Random person: Whatever you say.

Envy (snap): AAAAAAAAAHHHHHHHHHH!!!!!!!!!

Chases guy away through the crowd

Sloth: No don't leave us-!

Wrath: What'd ya wanna talk about Mom?

Sloth moves away

Wrath follows

Sloth: Um I'm going to go get something to eat do you-?

Wrath: *eyes watering* W-what is it?

Sloth: … Wrath dear… I'm… I'm really very sorry but….

Wrath: What?

Sloth: …. I'm not your real mother.

Wrath: Huh?!

Sloth: I'm sorry.

Wrath: T-then who is?

Sloth: Izumi is.

Wrath: You told me she was my aunt!

Sloth shakes her head

Wrath (suddenly calm): … Goodbye fake mother.

Wrath walks away

Sloth: He took that better than I thought he would.

Loud crash and a large cage appears with alchemy, inside is Ed

Ed: Limb stealer let me out!

Wrath: For the rest of the party you will be in this cage while people throw things at you.

Ed: But why?

Wrath: Because I said so.

Greed: Dude! Let's go throw things at him!

All chimeras and Greed run over

Wrath walks back to Sloth as crowd begins talking again

Wrath (smiling): What happened I blacked out?

Sloth: ….

Wrath: *grin* So what'd ya wanna talk about?

Sloth: …Nothing….

Envy runs over

Envy: Anybody got a firecracker?!

Sloth: Why would I have a firecracker?

Wrath: For what, Envy?

Envy: So I can throw it in the Fullmetal pipsqueak's cage!

Wrath: Cage?

Envy: You have a firecracker or not?

Mustang randomly appears

Mustang: I have a firecracker.

Sloth: … Really?

Envy: Thanks-! Hey! You're the flame alchemist!

Wrath: What are you doing here?!

Mustang: The entire cast is here, even extras, you thought I wouldn't be invited?

Wrath (panic): He's come to burn us to a crisp!

Mustang: Um… no, I came for some fun, so I brought a firecracker just incase they ended up putting Fullmetal in a cage and telling people to throw things at him.

Envy: … What're the odds?

Mustang: So you guys know about my flame skills right?

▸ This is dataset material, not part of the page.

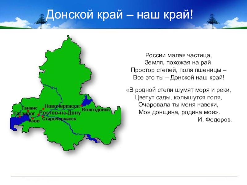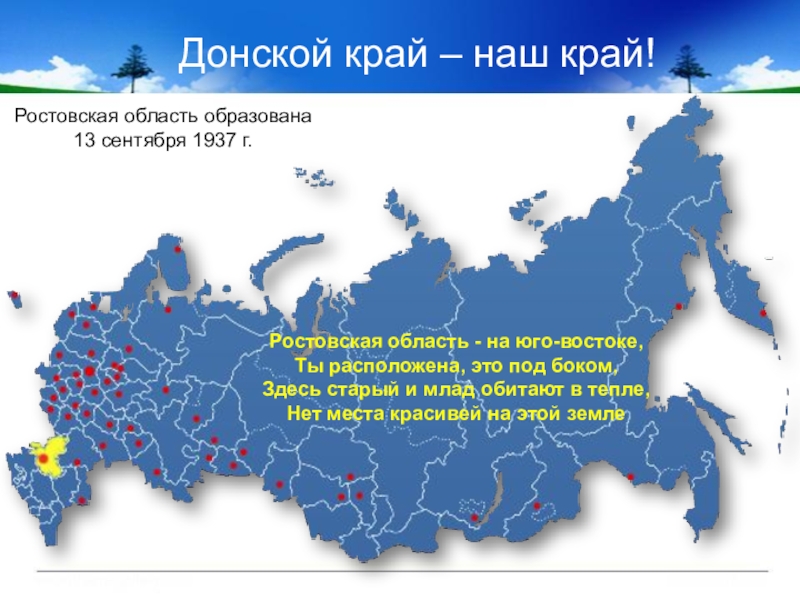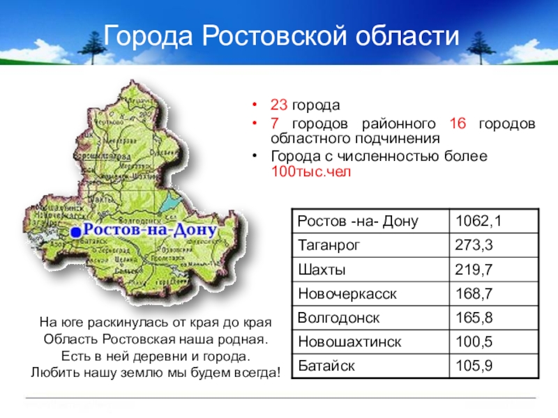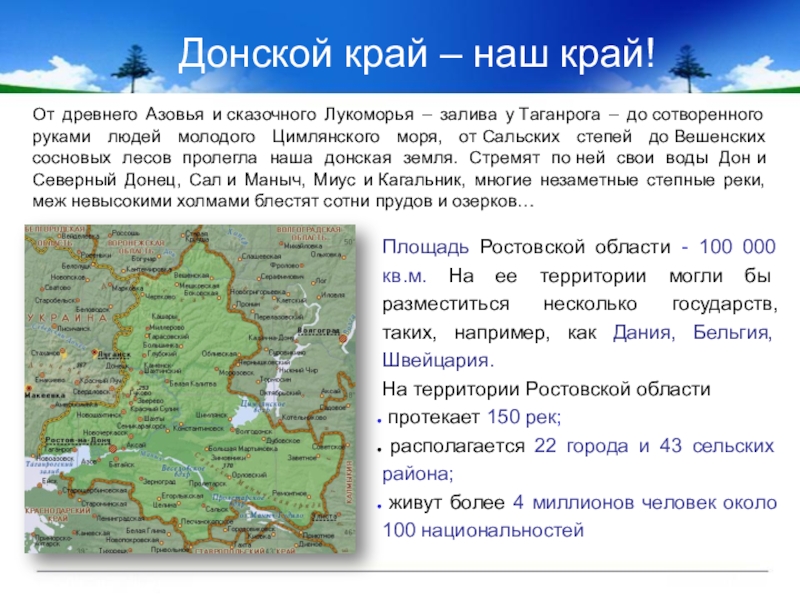 Площадь Ростовской области - 100 000 кв.м. На ее территории могли бы разместиться несколько государств, таких, например, как Дания, Бельгия, Швейцария.

Envy: No, they appointed you General because of your pompous ego, of course I know!

Wrath: How does that work again?

Sloth: Yeah I never really got that.

Mustang: Oh it's easy really, I just need to snap my fingers and boom.

Wrath: Lem'me see!

Mustang: I really don't think I should.

Wrath: Please?!

Mustang: … Alright, I'll tell you about it… in song.

Envy: Is this really happening to me?

Mustang: You bet it is! Now when I say flame alchemist I want you to scream, got it?

Wrath and Sloth: Sure.

Mustang (singing): They call me the alchemist Mustang, I'm a sucker for fire that makes a bang! As long as I get to zap my foes awwwwaaaay!

Wrath and Sloth: Hey!

Mustang: Boy, it's like a magic spell! I can send my enemies straight to hell! It's all so great! I do it everyday! Okay! Flame alchemist Mustang!

Sloth and Wrath scream

Mustang: Flame alchemist Mustang!

Sloth and Wrath scream

Mustang: Flame alchemist Mustang!

Sloth and Wrath scream

Wrath: Envy! Saxophone and dance solo!

Envy: Fine….

Wrath and Envy disappear and reappear half a second a later, Envy with a saxophone and Wrath with a pair of tap shoes

Envy begins playing the saxophone while Wrath dances

Mustang: Flame alchemist Mustang!

Three scream

Mustang: Flame alchemist Mustang!

Three scream

Mustang: Flame alchemist Mustaaaaaaaang!

Snaps fingers

Three homunculus burst into flames and fall

Mustang: Oh my god! (pulls out pocket sized fire extinguisher and sprays them)

No movement

Dante runs over

Dante: Are you killing my homunculus?!

Mustang: Uh… no, you did this… (takes out firecracker and walks off)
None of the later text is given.